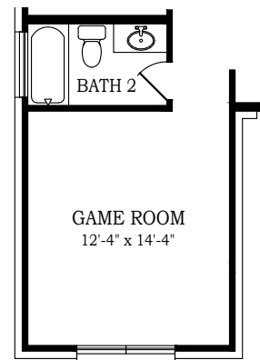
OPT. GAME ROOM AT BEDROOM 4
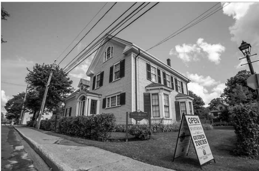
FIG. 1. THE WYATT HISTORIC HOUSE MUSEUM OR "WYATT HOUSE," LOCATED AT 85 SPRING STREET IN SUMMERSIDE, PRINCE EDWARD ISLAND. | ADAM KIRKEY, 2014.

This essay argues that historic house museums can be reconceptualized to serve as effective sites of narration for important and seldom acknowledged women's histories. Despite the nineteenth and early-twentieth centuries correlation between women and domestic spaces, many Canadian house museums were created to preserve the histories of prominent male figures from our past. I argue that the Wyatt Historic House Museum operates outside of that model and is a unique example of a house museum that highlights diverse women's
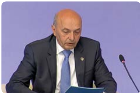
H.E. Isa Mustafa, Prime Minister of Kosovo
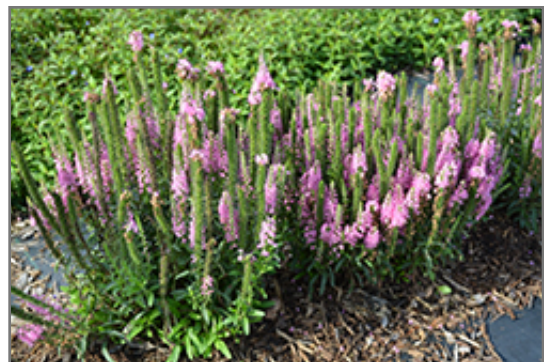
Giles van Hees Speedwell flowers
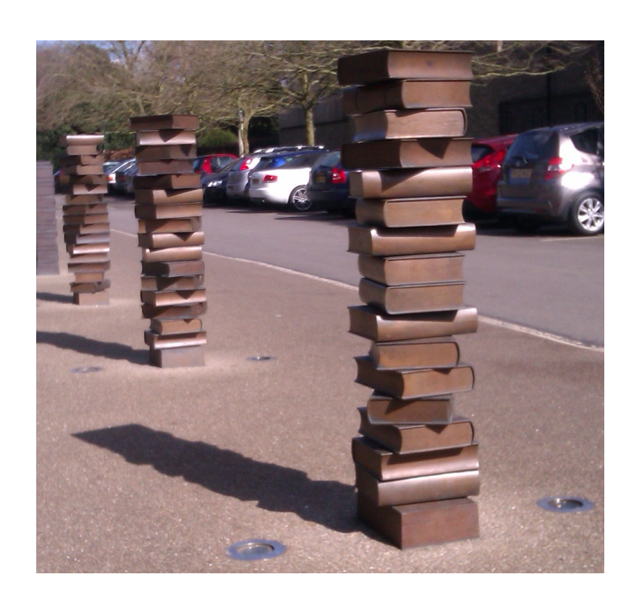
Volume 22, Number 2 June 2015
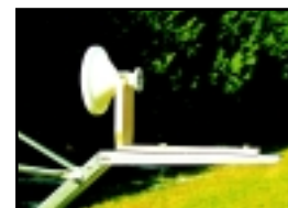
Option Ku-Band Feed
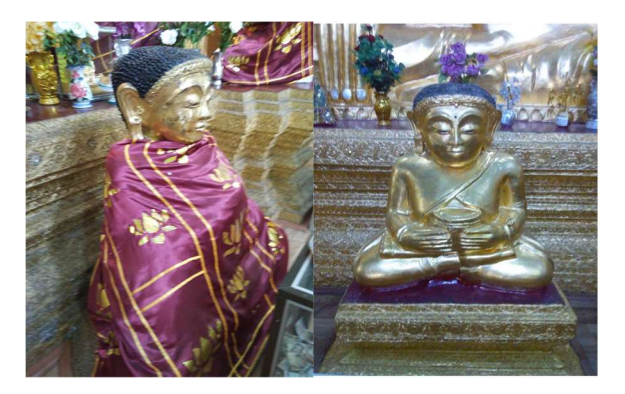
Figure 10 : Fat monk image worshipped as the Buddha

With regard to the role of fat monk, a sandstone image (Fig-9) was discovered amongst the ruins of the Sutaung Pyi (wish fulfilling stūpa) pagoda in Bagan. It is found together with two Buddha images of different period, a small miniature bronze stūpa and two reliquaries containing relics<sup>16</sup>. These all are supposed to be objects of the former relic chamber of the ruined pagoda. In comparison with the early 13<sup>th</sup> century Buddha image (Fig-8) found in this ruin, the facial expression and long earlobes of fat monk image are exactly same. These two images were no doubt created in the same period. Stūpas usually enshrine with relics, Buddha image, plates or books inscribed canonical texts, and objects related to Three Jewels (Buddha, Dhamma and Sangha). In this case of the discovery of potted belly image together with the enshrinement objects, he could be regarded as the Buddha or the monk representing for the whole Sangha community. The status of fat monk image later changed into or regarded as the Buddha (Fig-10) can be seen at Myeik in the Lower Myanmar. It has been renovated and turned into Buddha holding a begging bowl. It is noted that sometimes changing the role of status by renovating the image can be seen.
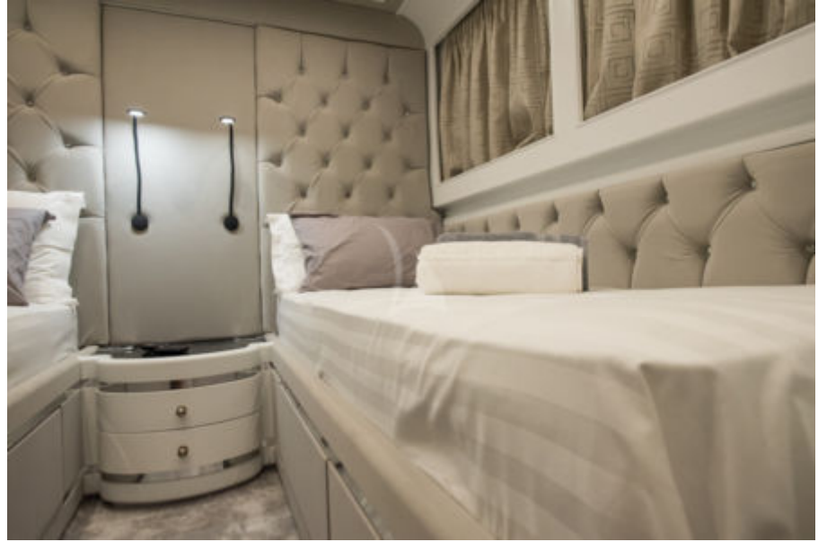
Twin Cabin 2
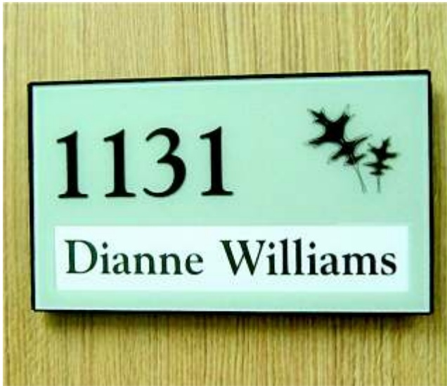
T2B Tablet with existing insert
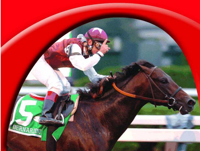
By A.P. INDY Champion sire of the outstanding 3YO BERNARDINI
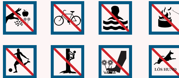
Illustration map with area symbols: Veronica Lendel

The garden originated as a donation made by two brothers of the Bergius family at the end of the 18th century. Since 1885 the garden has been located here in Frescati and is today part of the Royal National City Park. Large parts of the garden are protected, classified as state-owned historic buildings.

_____

● EXERCISE
The expected output is the exact run of lines from the first line of the material above through the line that contains "Figure 10 : Fat", minus any pictures.

● ANSWER BELOW
OPT. GAME ROOM AT BEDROOM 4
FIG. 1. THE WYATT HISTORIC HOUSE MUSEUM OR "WYATT HOUSE," LOCATED AT 85 SPRING STREET IN SUMMERSIDE, PRINCE EDWARD ISLAND. | ADAM KIRKEY, 2014.

This essay argues that historic house museums can be reconceptualized to serve as effective sites of narration for important and seldom acknowledged women's histories. Despite the nineteenth and early-twentieth centuries correlation between women and domestic spaces, many Canadian house museums were created to preserve the histories of prominent male figures from our past. I argue that the Wyatt Historic House Museum operates outside of that model and is a unique example of a house museum that highlights diverse women's
H.E. Isa Mustafa, Prime Minister of Kosovo
Giles van Hees Speedwell flowers
Volume 22, Number 2 June 2015
Option Ku-Band Feed
Figure 10 : Fat monk image worshipped as the Buddha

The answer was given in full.